Al momento, come leggiamo su alcuni lanci dell’agenzia di stampa Adnkronos, 43 Paesi europei “hanno implementato restrizioni alla circolazione interna parziale o totale”, mentre “32 Paesi si stanno muovendo per allentare con attenzione alcune delle misure adottate, poiché riescono a controllare la trasmissione del virus. La situazione, però, rimane molto fragile e potrebbe subire rapidamente una ricaduta se le misure chiave non vengono allentate progressivamente, e se la transizione non viene pianificata con attenzione e gradualità“.

Un monito per invitare governi e cittadini a non fare passi più lunghi della gamba che, secondo Kluge, ora come ora, non possiamo permetterci. Ma non è solo la possibile ricaduta a preoccupare: le “misure restrittive e il lockdown hanno comprensibilmente generato stress e ansia. Le reti sociali si sono interrotte, con in più l’insicurezza e le tensioni economiche legate ai posti di lavoro a rischio. Per molti, l’incertezza, l’isolamento e la paura fanno parte della vita quotidiana”, ha sottolineato Kluge.

In Europa si contano più di 150mila morti e un milione e 600mila malati di Coronavirus, che equivalgono al 60% dei decessi e al 45% dei casi totali. Un dato positivo resta: “Per quasi quattro settimane – dice Kluge – dal 12 aprile, abbiamo visto una diminuzione del numero di casi segnalati ogni giorno. Lentamente, ma sicuramente, stiamo vedendo segni positivi. Purtroppo, tuttavia, non possiamo dire lo stesso per tutti i Paesi. La situazione nella parte orientale della regione continua a destare preoccupazione. La Bielorussia, il Kazakistan, la Federazione Russa e l’Ucraina hanno registrato un aumento dei nuovi casi nell’ultima settimana”.

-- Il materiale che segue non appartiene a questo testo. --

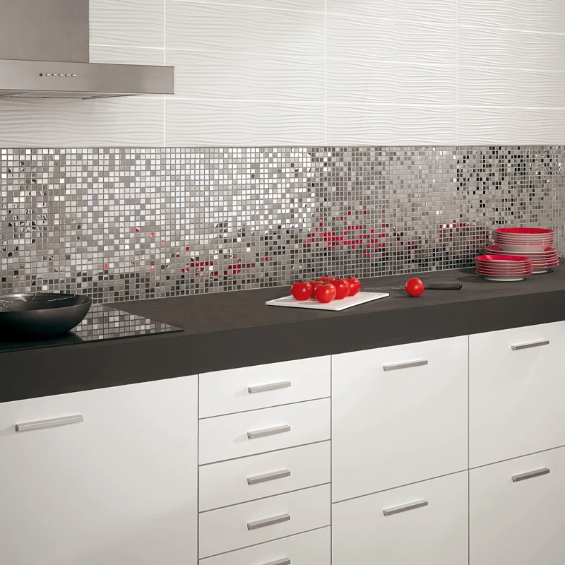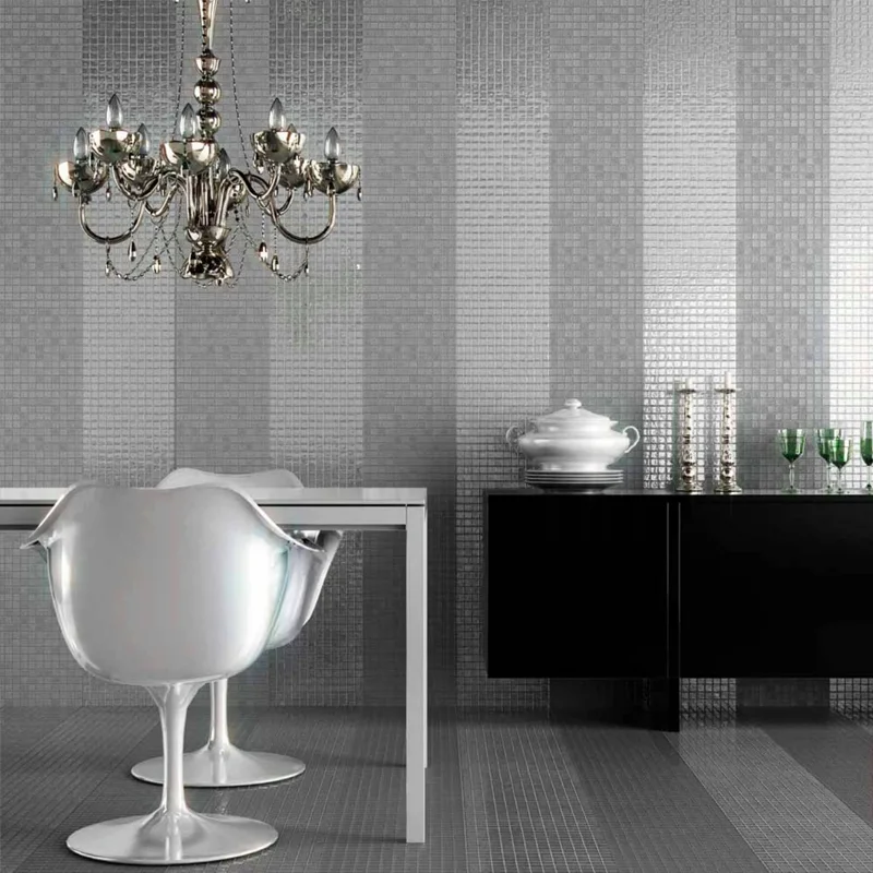 Vous pouvez l’utiliser pour décorer de manière stratégique des espaces réduits, ou bien la combiner avec d’autres couleurs pour mettre en valeur la beauté et la lumière de votre environnement dans des zones plus grandes. Les mosaïques argentées ajoutent une touche subtile de brillance, et en les mélangeant à des couleurs traditionnelles, elles créent une sensation d’espace tout en apportant un aspect original et frais.
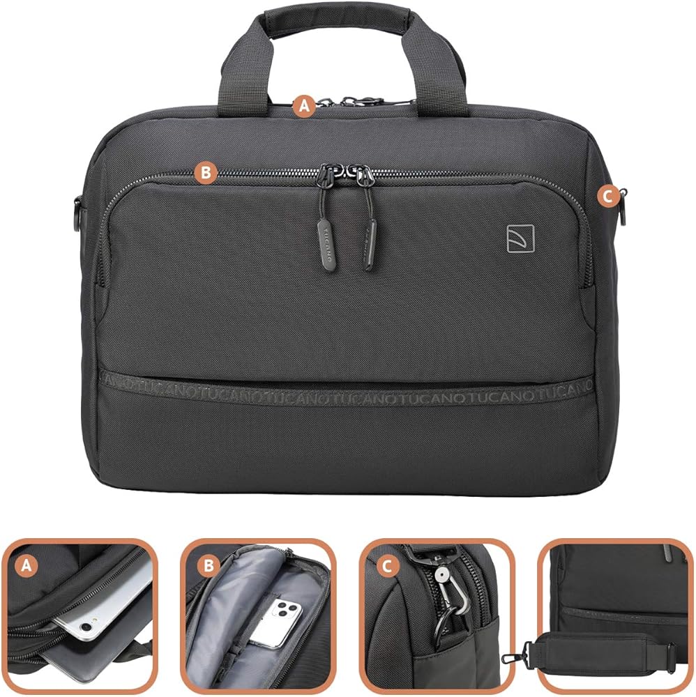 TUCANO Melange Neoprene Sleeve Compatible with MacBook Air/Pro 13" Laptop 12", 4mm Thick, Anti-Slip, Anti-Scratch - Black

Questa settimana “abbiamo una missione di esperti sul campo in Tagikistan, in collaborazione con le autorità nazionali e gli operatori sanitari, per rispondere all’epidemia nel Paese. È solo l’ultima di oltre 60 missioni che abbiamo condotto in tutta la regione europea durante questa pandemia – ha ricordato – per fornire indicazioni su una serie di aspetti, tra cui test di laboratorio, sorveglianza delle malattie, pianificazione operativa, preparazione ospedaliera e, naturalmente, per aiutare i Paesi a rispondere”.